Reproduce word for word the lines from the beginning of the entries to the line with "Sur la période", both included, but none of the pictures.

Top of Supplied entries

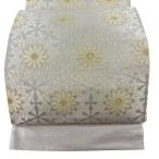 【3/1 0:00-3/2 9:59★10%OFFクーポン】【織楽浅野】西陣織特選創作袋帯 「花文」 ふくれ織 生成り×グレージュ二色
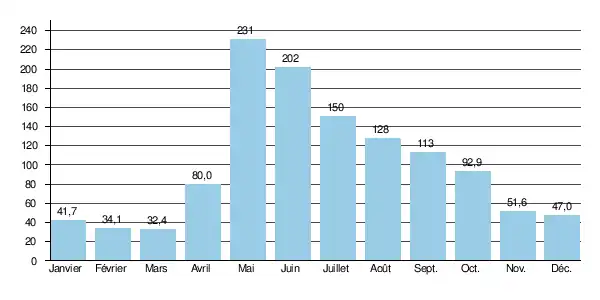 Sur la période d'observation de 52 ans, le débit mensuel minimal a été de 17,7 m3/s en , tandis que le débit mensuel maximal s'est élevé à 479 m3/s en .
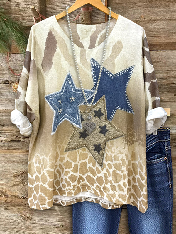 Bring a touch of laid-back charm to your everyday style with this Desert Star Patchwork Tee. The relaxed fit and soft crew-neck design create effortless comfort, while the denim star appliqués add a playful, Americana twist. Rolled long sleeves give it a casually chic finish—perfect for pairing with jeans for a cozy, free-spirited look.
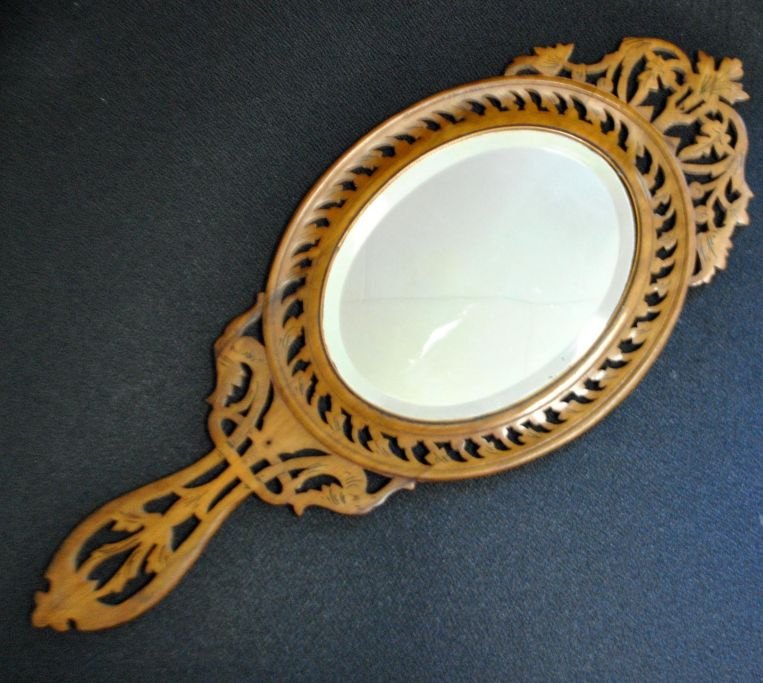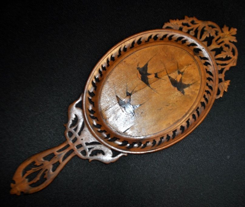 Sorrento håndspejl, 19. årh. Italien. Poleret oliventræ med indlægninger i form af flyvende svaler og tekst: Ricordo. Facetslebet spejl. L.: 40,5 cm. B.: 17 cm.
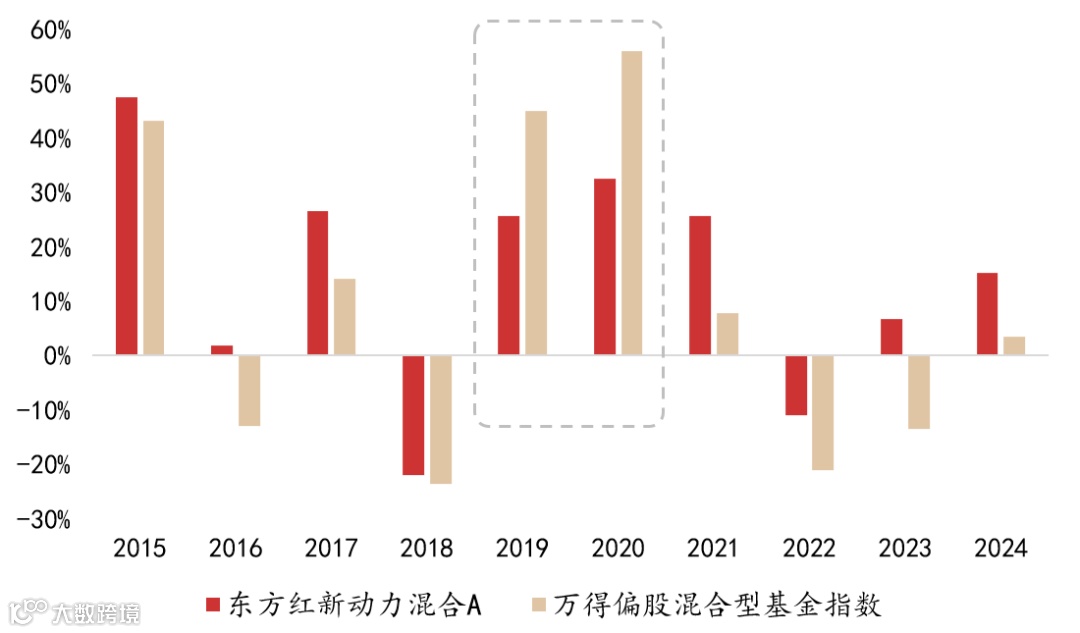 图:东方红新动力混合A与偏股混合型基金指数年度表现

Bottom of Supplied entries

**Expected answer**
 【3/1 0:00-3/2 9:59★10%OFFクーポン】【織楽浅野】西陣織特選創作袋帯 「花文」 ふくれ織 生成り×グレージュ二色
 Sur la période d'observation de 52 ans, le débit mensuel minimal a été de 17,7 m3/s en , tandis que le débit mensuel maximal s'est élevé à 479 m3/s en .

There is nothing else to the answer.